Work instructions =
Although the entries contain pictures, write out only their text, exactly as it stands.

(Records contained in a dataset)
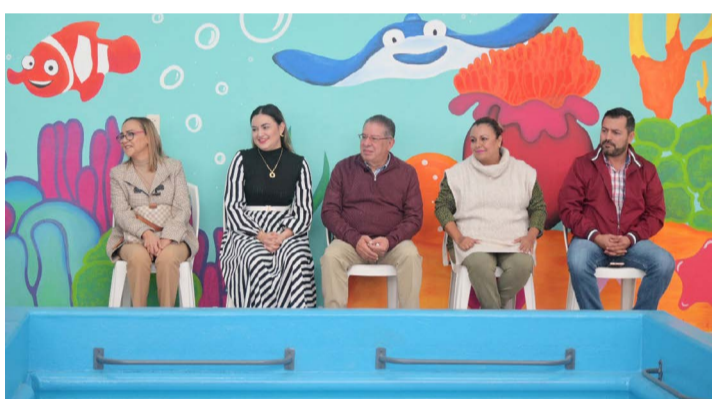
REDACCIÓN NORESTE Tuxpan, Veracruz

Con el que se brindarán 1,600 sesiones de rehabilitación
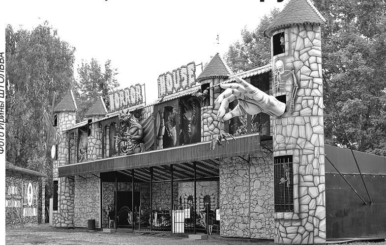
Комната страха - новый аттракцион на Даманском.

В ярославских парках продолжается благоустройство, появляются новые аттракционы. Программа развития парков рассчитана на два года.
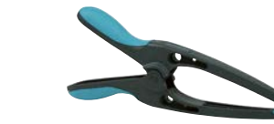
Art.Nr. 42408 Spitzfederzwinge MT 70
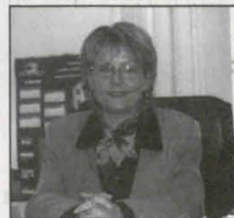
Trzy pytania do... str. 4
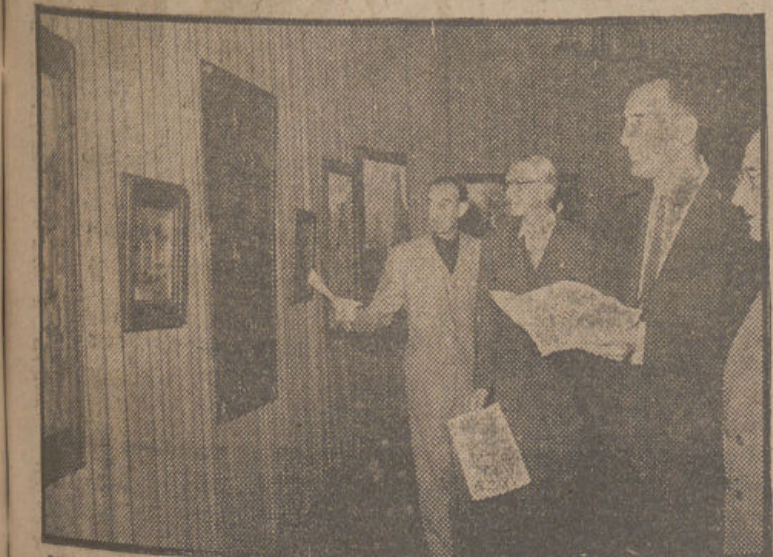
El ministro de Educación Nacional, señor Ruiz-Giménez, acompañado del delegado nacional del Frente de Juventudes y otras personalidades, durante su visita a la VIII Exposición Nacional de Arte del Frente de Juventudes, en Madrid.
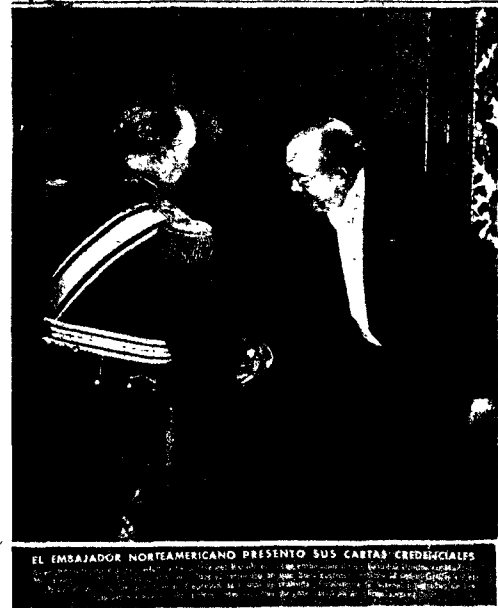
El 1 de marzo de 1951, Mr. Stanton Griffis, embajador norteamericano ante el Gobierno de Madrid, presenta sus cartas credenciales.
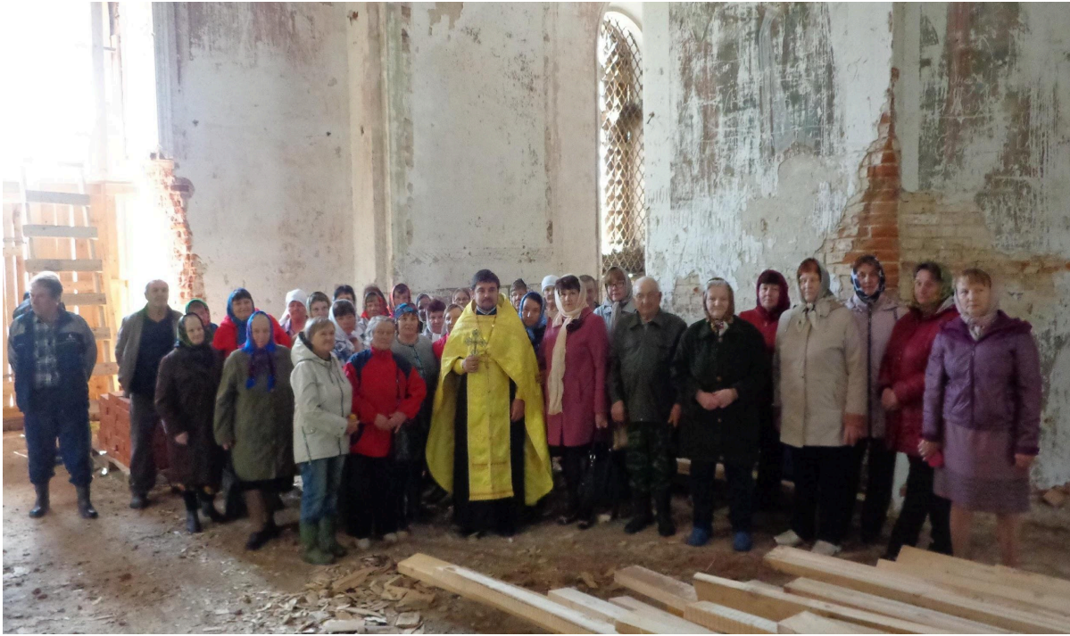
Молебен в Покровской церкви села Ухтым. Фото 2 июня, 2018 г.
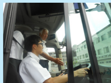
育成バスで運転技術を伝授
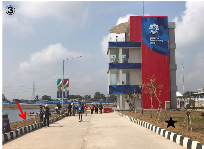
写真②: スタートタワー周辺はまったく舗装されていない。 写真③フィニッシュタワー周辺。コース両岸は未舗装(矢印)。植樹や芝もまだ育っていない(★)。
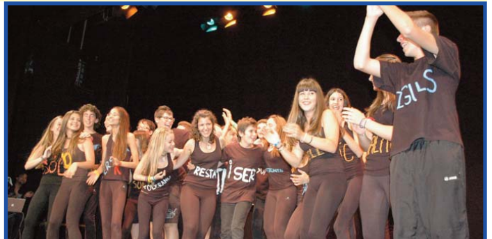
Dues fotografies de la representació de l'obra "Sóc persona" a Picassent.
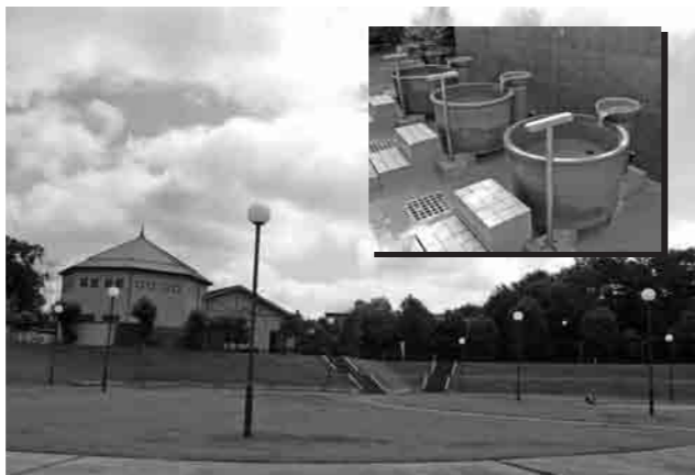
ピアスパークしもつま・温泉施設がリニューアルされた

問い合わせ・連絡先 企画課 内線 1313 〒304-8501 下妻市本城町2-22 FAX 43-4214 ホームページ http://www.city.shimotsuma.jp Eメール kkaku@city.shimotsuma.jp
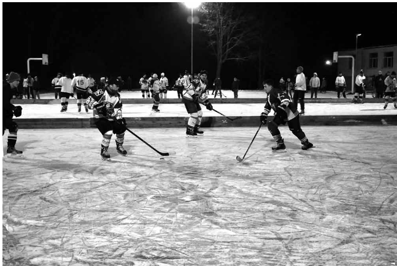
Kuldīgas zibensturnīrā – līderu cīņa starp Ventspils Marbellu un Priedaines komandu Bauer .

Kuldīgas hokeja zibensturnīrā piektdienas vakarā uzvarējusi komanda Marbella no Ventspils.
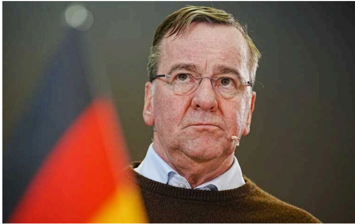
Пісторіус закликав припинити дискусії про розміщення західних військ в Україні

Німеччина відкидає можливість розміщення своїх військ на території України. Берлін закликає припинити дискусії щодо цієї теми.
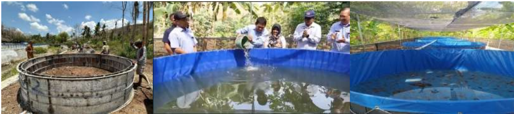
3.1 Kolam untuk Budidaya Perikanan
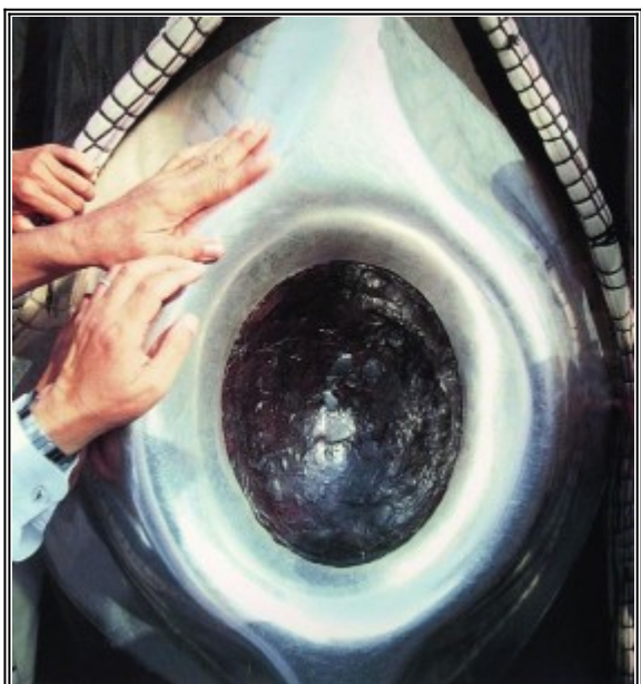
"СВЕЩЕНИЯ" ЧЕРЕН КАМЪК, ВГРАДЕН В ХРАМА КААБА

СЕГА ТОЗИ ЧЕРЕН КАМЪК ОТ МЕТЕОРИТ СЕ НАМИРА В МЕКА, В КААБА. ВГРАДЕН Е В НЕЩО КАТО СРЕБЪРЕН ЖЕНСКИ ПОЛОВ ОРГАН И Е ЦЕНТРАЛЕН КУЛТОВ ЕЛЕМЕНТ НА ПОКЛОНЕНИЕ В ИСЛЯМА:
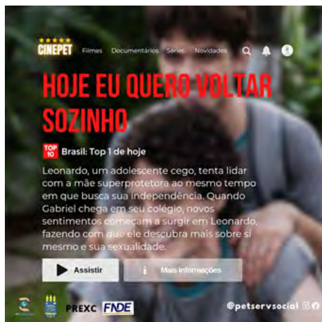
Imagem 2: Banner de Divulgação
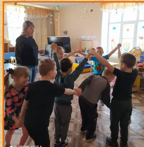
Р/народная игра: «Золотые ворота»
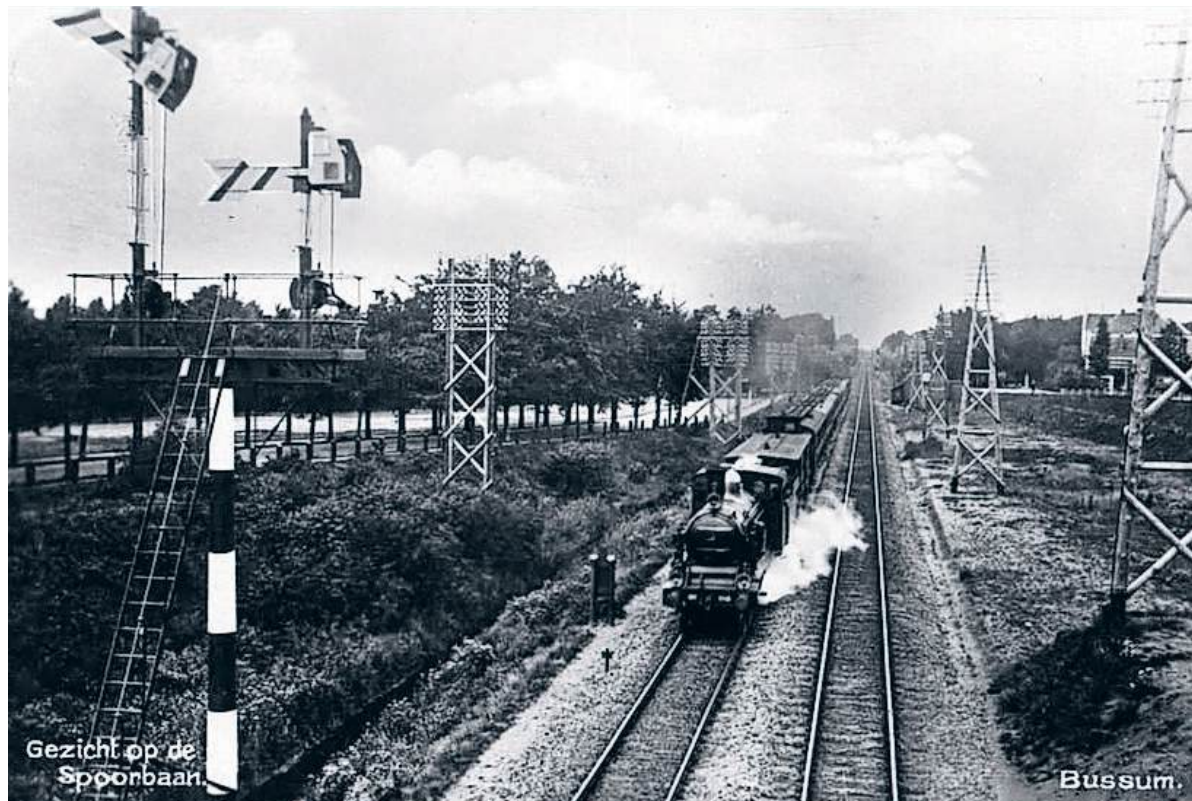
■ Een stoomtrein door je achtertuin...

was de bevolking van Bussum verdubbeld en dat tempo zou nog enkele decennia aanhouden. Een spoorlijn door je achtertuin Stel je ook eens voor wat dat voor de Bussumers van 1874 moet heb-
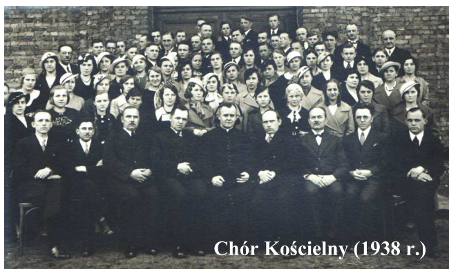
Chór Kościelny (1938 r.)
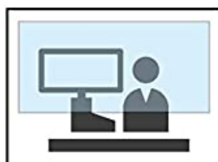
アクリル製 パーティション
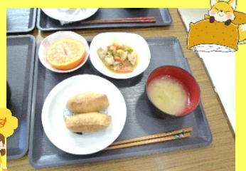
この日の昼食はお稲荷さん。揚げに酢飯を詰め込む作業でしたが、長年の主婦業をされていた皆さんにはちょよいのチョイ!であっという間に完成しました。
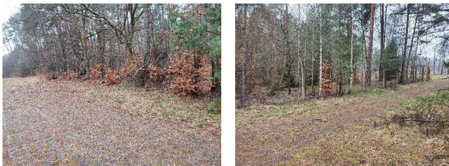
wjazd oraz część placu z płyt betonowych (ażurowych)
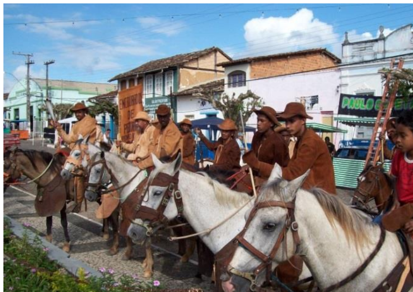
Figura 15 -Encourados na comemoração de emancipação política em 12 de julho/2013. O grupo está presente em todas as festividades e no cotidiano das pessoas do município, o que comprova o quanto representam o sentimento de orgulho e a própria identidade local.

Percebe-se que dentro das narrativas dos meus entrevistados não existem diferenças entre a figura do vaqueiro que labuta diariamente com o gado e o mesmo sujeito que representa o movimento histórico, a fronteira entre um e o outro está caracterizada tanto pelo reconhecimento que o grupo confere a esse sujeito, bem como o contexto social que legitima essas personagens como representantes legais do Encourados de Pedrão de 1823
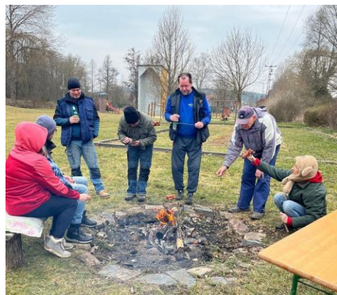
foto: dobrovolníci, odpad, zasloužená odměna
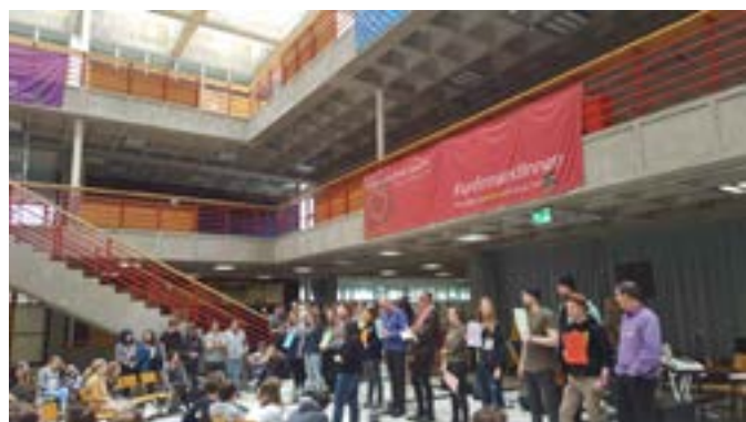
Dunja Ascari stellt ihr Projekt vor
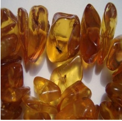
Insecte piégés dans de l'ambre
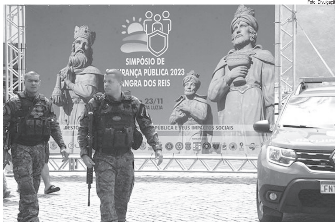
Simpósio explorou as tendências mais recentes em inteligência, inovação e tecnologia no combate à violência
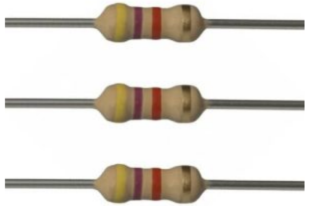
1 X مقاومة مقدار 4.7k
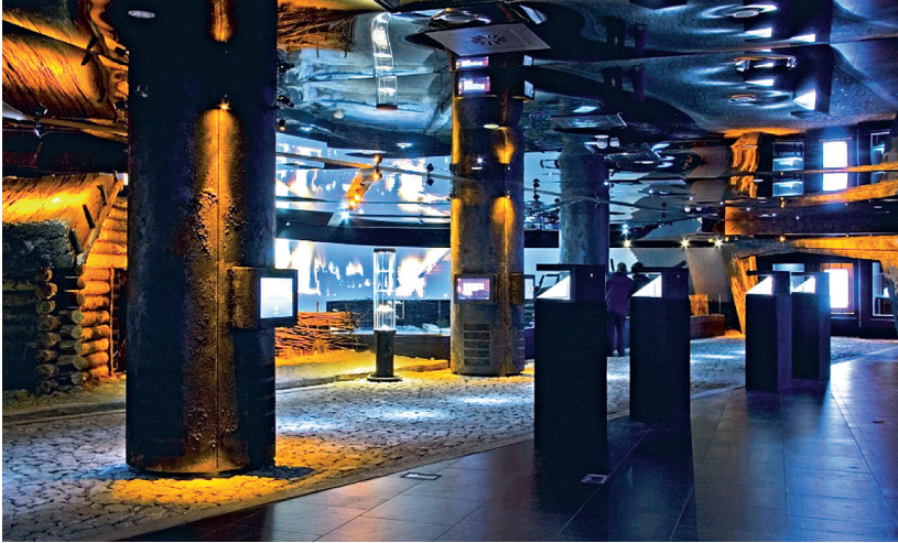
Rys. 9. Muzeum Podziemne Rynku Krakowskiego, główna sala ekspozycyjna
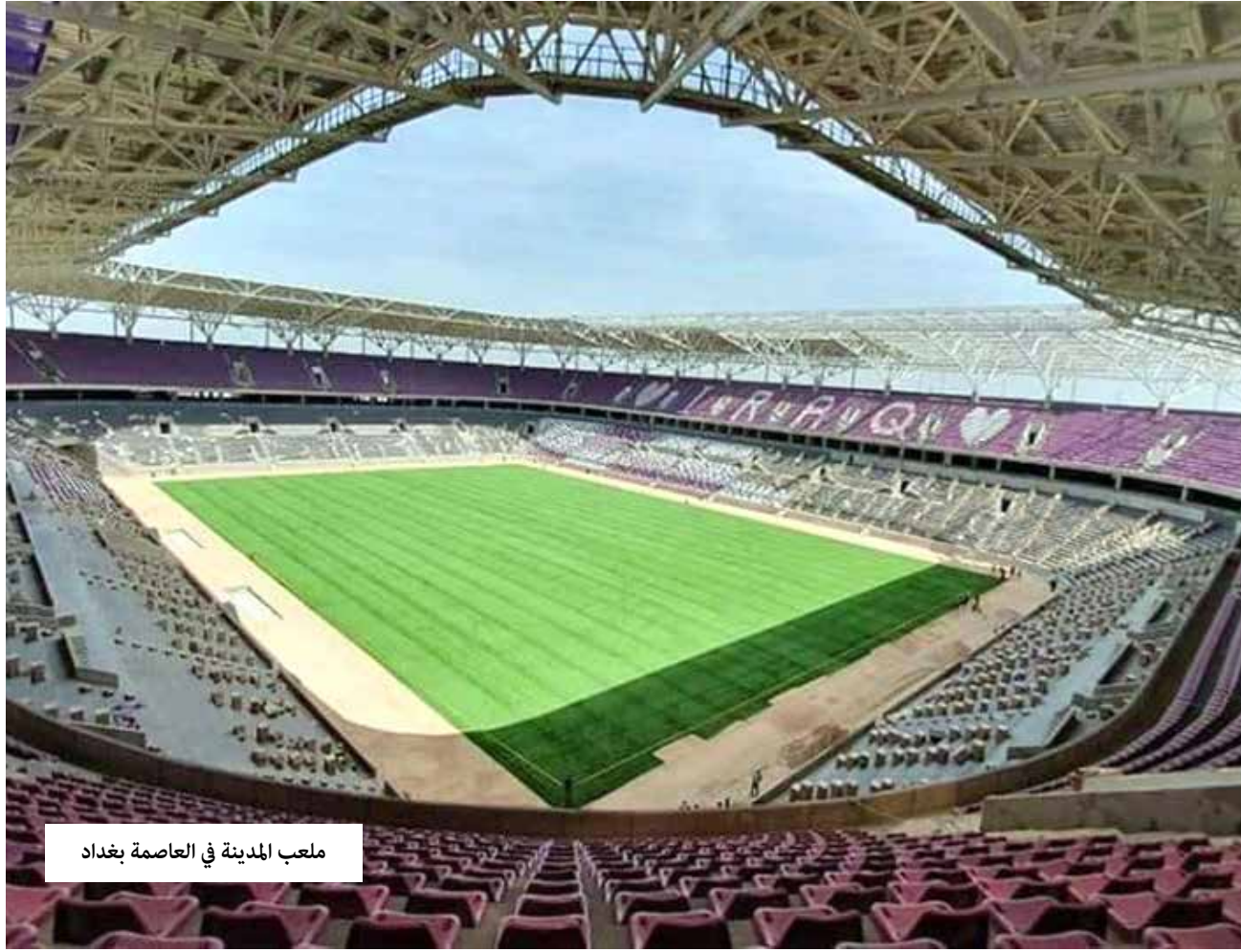
ملعب المدينة في العاصمة بغداد

يلتقي اليوم الثلاثاء، المنتخبان العراقي والإيراني في مباراة ختام بطولة غرب آسيا للمنتخبات الاولمبية دون سن 23 عام التي جرت في بغداد وكربلاء، وستقام المباراة على ملعب المدينة في العاصمة بغداد.

Answer area =
REDACCIÓN NORESTE Tuxpan, Veracruz

Con el que se brindarán 1,600 sesiones de rehabilitación
Комната страха - новый аттракцион на Даманском.

В ярославских парках продолжается благоустройство, появляются новые аттракционы. Программа развития парков рассчитана на два года.
Art.Nr. 42408 Spitzfederzwinge MT 70
Trzy pytania do... str. 4
El ministro de Educación Nacional, señor Ruiz-Giménez, acompañado del delegado nacional del Frente de Juventudes y otras personalidades, durante su visita a la VIII Exposición Nacional de Arte del Frente de Juventudes, en Madrid.
El 1 de marzo de 1951, Mr. Stanton Griffis, embajador norteamericano ante el Gobierno de Madrid, presenta sus cartas credenciales.
Молебен в Покровской церкви села Ухтым. Фото 2 июня, 2018 г.
育成バスで運転技術を伝授
写真②: スタートタワー周辺はまったく舗装されていない。 写真③フィニッシュタワー周辺。コース両岸は未舗装(矢印)。植樹や芝もまだ育っていない(★)。
Dues fotografies de la representació de l'obra "Sóc persona" a Picassent.
ピアスパークしもつま・温泉施設がリニューアルされた

問い合わせ・連絡先 企画課 内線 1313 〒304-8501 下妻市本城町2-22 FAX 43-4214 ホームページ http://www.city.shimotsuma.jp Eメール kkaku@city.shimotsuma.jp
Kuldīgas zibensturnīrā – līderu cīņa starp Ventspils Marbellu un Priedaines komandu Bauer .

Kuldīgas hokeja zibensturnīrā piektdienas vakarā uzvarējusi komanda Marbella no Ventspils.
Пісторіус закликав припинити дискусії про розміщення західних військ в Україні

Німеччина відкидає можливість розміщення своїх військ на території України. Берлін закликає припинити дискусії щодо цієї теми.
3.1 Kolam untuk Budidaya Perikanan
"СВЕЩЕНИЯ" ЧЕРЕН КАМЪК, ВГРАДЕН В ХРАМА КААБА

СЕГА ТОЗИ ЧЕРЕН КАМЪК ОТ МЕТЕОРИТ СЕ НАМИРА В МЕКА, В КААБА. ВГРАДЕН Е В НЕЩО КАТО СРЕБЪРЕН ЖЕНСКИ ПОЛОВ ОРГАН И Е ЦЕНТРАЛЕН КУЛТОВ ЕЛЕМЕНТ НА ПОКЛОНЕНИЕ В ИСЛЯМА:
Imagem 2: Banner de Divulgação
Р/народная игра: «Золотые ворота»
■ Een stoomtrein door je achtertuin...

was de bevolking van Bussum verdubbeld en dat tempo zou nog enkele decennia aanhouden. Een spoorlijn door je achtertuin Stel je ook eens voor wat dat voor de Bussumers van 1874 moet heb-
Chór Kościelny (1938 r.)
アクリル製 パーティション
この日の昼食はお稲荷さん。揚げに酢飯を詰め込む作業でしたが、長年の主婦業をされていた皆さんにはちょよいのチョイ!であっという間に完成しました。
wjazd oraz część placu z płyt betonowych (ażurowych)
Figura 15 -Encourados na comemoração de emancipação política em 12 de julho/2013. O grupo está presente em todas as festividades e no cotidiano das pessoas do município, o que comprova o quanto representam o sentimento de orgulho e a própria identidade local.

Percebe-se que dentro das narrativas dos meus entrevistados não existem diferenças entre a figura do vaqueiro que labuta diariamente com o gado e o mesmo sujeito que representa o movimento histórico, a fronteira entre um e o outro está caracterizada tanto pelo reconhecimento que o grupo confere a esse sujeito, bem como o contexto social que legitima essas personagens como representantes legais do Encourados de Pedrão de 1823
foto: dobrovolníci, odpad, zasloužená odměna
Dunja Ascari stellt ihr Projekt vor
Insecte piégés dans de l'ambre
Simpósio explorou as tendências mais recentes em inteligência, inovação e tecnologia no combate à violência
1 X مقاومة مقدار 4.7k
Rys. 9. Muzeum Podziemne Rynku Krakowskiego, główna sala ekspozycyjna
ملعب المدينة في العاصمة بغداد

يلتقي اليوم الثلاثاء، المنتخبان العراقي والإيراني في مباراة ختام بطولة غرب آسيا للمنتخبات الاولمبية دون سن 23 عام التي جرت في بغداد وكربلاء، وستقام المباراة على ملعب المدينة في العاصمة بغداد.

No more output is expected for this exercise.